PROVIDED MATERIAL:

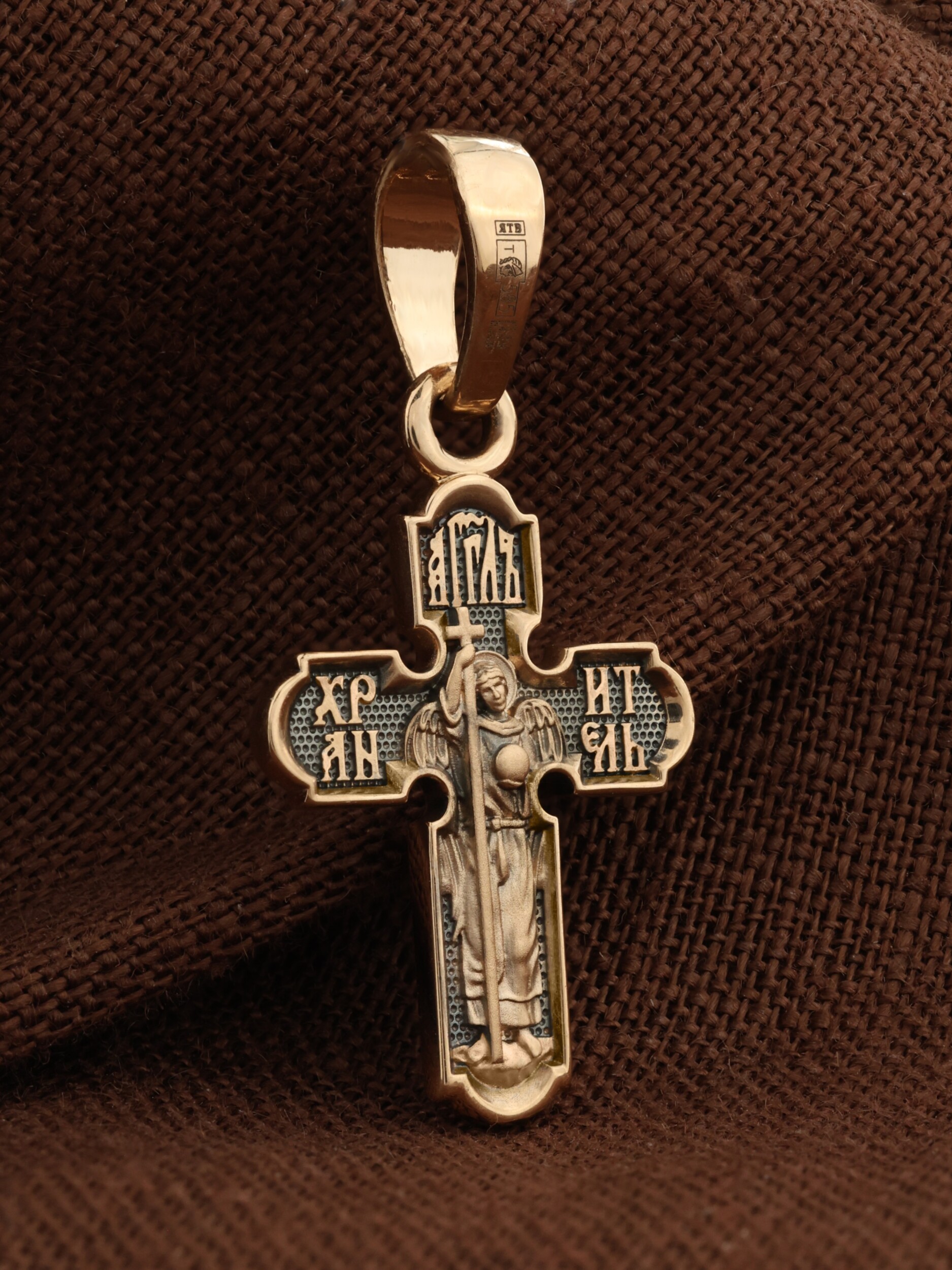 На оборотной стороне креста изображен святой Ангел-Хранитель в виде прекрасного юноши держащего в правой руке крест, а в левой — сферу. Ангел-Хранитель — это Ангел приставляемый Богом к человеку при крещении для охраны и помощи в добрых делах. Невидимо пребывая при нас постоянно, он, руководствуя нас ко спасению, не только по нашему желанию таинственно наставляет нас на все доброе и полезное, не только возносит наши молитвы к Богу, но еще и сам от себя охраняют и защищают нас от врагов видимых и невидимых, ходатайствует за нас пред Богом.
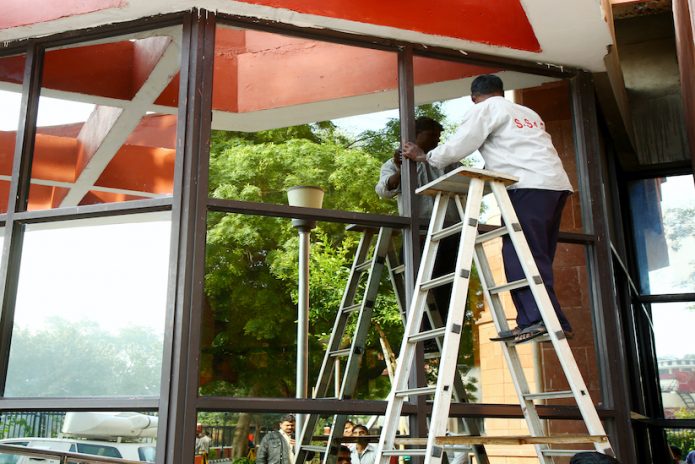 - Dusting of all high rise walls, cobweb removing etc. through various cleaning tools available in the glass cleaning kit.
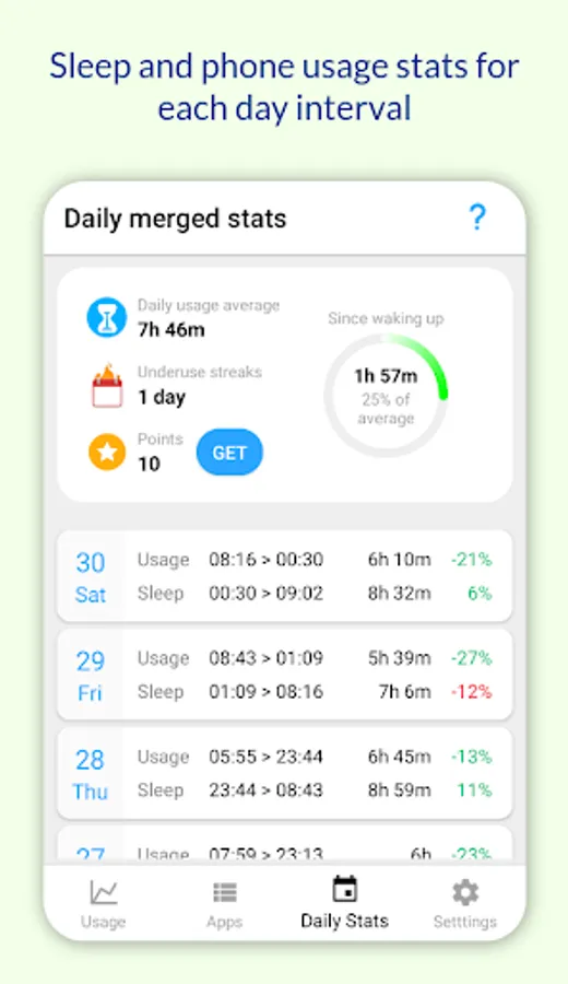 When enabled for an app, anytime you open it or switch to it a short break (30s to 1m) prevent you from using it. This small discomfort starts reducing your habit of checking apps frequently. We are used to opening certain apps with an absent mind so Skreentime can intervene and disrupt this unhealthy habit
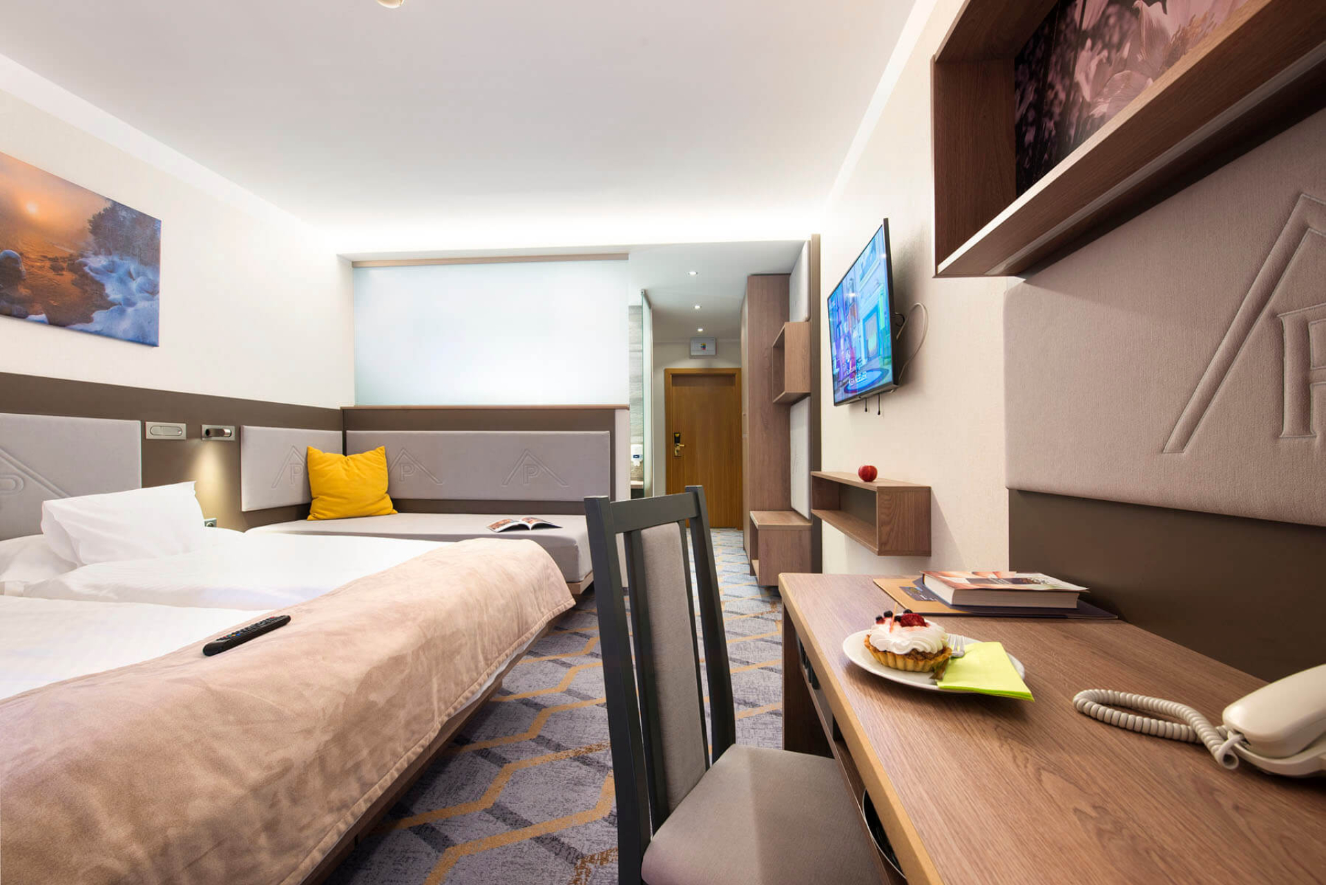 We have chosen the hotel because of its location near the lake and in the center of High Tatras. It has its own parking place, ski service, wellness and outside restaurant called Koliba near the lake. We had room on the first floor with view to the mountains which was beautiful. It very good located for walking and skiing. The room was very nice and clean with all equipment you need on vacation or business trip. Sad thing for me was two small trash bins in the room (one for one bottle of orange juice) and very bad wifi connection in the room. For me it was unusable during the whole stay there. The meals and staff are great and you may compare it to five star summer hotels near sea. The wellness is good but too much crowded during our stay there. If I will visit High Tatras I will choose this hotel again. And you may take your dog with you for 25 EUR per day.

WHAT YOU ARE ASKED TO DO: Please return only the lines from the one holding "- Dusting of" through the end of the data, both ends included; do not copy any pictures.

ANSWER FOR THE TASK:
 - Dusting of all high rise walls, cobweb removing etc. through various cleaning tools available in the glass cleaning kit.
 When enabled for an app, anytime you open it or switch to it a short break (30s to 1m) prevent you from using it. This small discomfort starts reducing your habit of checking apps frequently. We are used to opening certain apps with an absent mind so Skreentime can intervene and disrupt this unhealthy habit
 We have chosen the hotel because of its location near the lake and in the center of High Tatras. It has its own parking place, ski service, wellness and outside restaurant called Koliba near the lake. We had room on the first floor with view to the mountains which was beautiful. It very good located for walking and skiing. The room was very nice and clean with all equipment you need on vacation or business trip. Sad thing for me was two small trash bins in the room (one for one bottle of orange juice) and very bad wifi connection in the room. For me it was unusable during the whole stay there. The meals and staff are great and you may compare it to five star summer hotels near sea. The wellness is good but too much crowded during our stay there. If I will visit High Tatras I will choose this hotel again. And you may take your dog with you for 25 EUR per day.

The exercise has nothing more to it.